The computer-readable storage medium may be embodied in an electronic device; or may be present alone without being incorporated into the electronic device.
The computer readable storage medium carries one or more programs which, when executed by the electronic device, cause the electronic device to: acquiring user data of a graph embedding feature extraction model and user nodes corresponding to target users, wherein the target users are intersection users between the first party and the second party; taking the user data as the input of a first-layer neural network of the graph embedding feature extraction model to generate user intermediate features corresponding to the user nodes; requesting to obtain neighbor node aggregation characteristics of all neighbor nodes of each user node from the second party in an encrypted state according to the user intermediate characteristics; respectively taking each user intermediate feature and the corresponding neighbor node aggregation feature as the input of the next-layer neural network of the graph embedding feature extraction model, and regenerating the user intermediate features corresponding to each user node; and returning to the execution step: requesting to the second party to acquire neighbor node aggregation characteristics of all neighbor nodes of each user node in an encrypted state according to each user intermediate characteristic until each user intermediate characteristic output by the last layer of neural network of the graph embedding characteristic extraction model is acquired, and taking the acquired user intermediate characteristic as a target graph embedding characteristic; and obtaining a federal graph embedded feature extraction model corresponding to the graph embedded feature extraction model according to each target graph embedded feature.

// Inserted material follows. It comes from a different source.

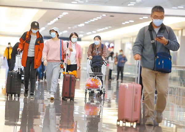 圖為桃園機場入境管制區內,一群剛下機的旅客正準備通關入境。(圖片來源:臺灣“中時新聞網”)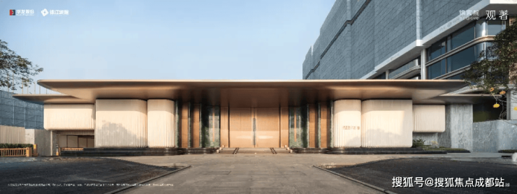 外立面延续锦宸院“金镶玉”经典血统,升级为“金玉珐琅”弧线美学,采用真正的“零漆面工艺”,“白玫瑰石材+铝板”奠定温润主基调,搭配香槟金铝板做线条勾勒与细节修饰。

Or acquiring user relationship chain data corresponding to all target users together, wherein the target users are intersection users between the first party and the second party; receiving secret state user intermediate features sent by the first party, wherein the secret state user intermediate features are obtained by homomorphic encryption of user intermediate features output by a neural network of a graph embedding feature extraction model; according to the user relation chain data and the intermediate features of the secret-state users, respectively encrypting and aggregating the intermediate features of the secret-state users corresponding to all neighbor nodes of each user node to obtain the aggregation features of the secret-state neighbor nodes corresponding to each user node; and sending each dense-state neighbor node aggregation feature to the first party for decryption by the first party to obtain each neighbor node aggregation feature, taking each user intermediate feature and the corresponding neighbor node aggregation feature as the input of the next layer of neural network of the graph embedding feature extraction model, regenerating the user intermediate features corresponding to each user node until each user intermediate feature output by the last layer of neural network of the graph embedding feature extraction model is obtained as a target graph embedding feature, and obtaining the federal graph embedding feature extraction model corresponding to the graph embedding feature extraction model according to each target graph embedding feature.
Computer program code for carrying out operations for aspects of the present disclosure may be written in any combination of one or more programming languages, including an object oriented programming language such as Java, Smalltalk, C + +, and conventional procedural programming languages, such as the "C" programming language or similar programming languages. The program code may execute entirely on the user's computer, partly on the user's computer, as a stand-alone software package, partly on the user's computer and partly on a remote computer or entirely on the remote computer or server. In the latter scenario, the remote computer may be connected to the user's computer through any type of network, including a Local Area Network (LAN) or a Wide Area Network (WAN), or the connection may be made to an external computer (for example, through the Internet using an Internet service provider).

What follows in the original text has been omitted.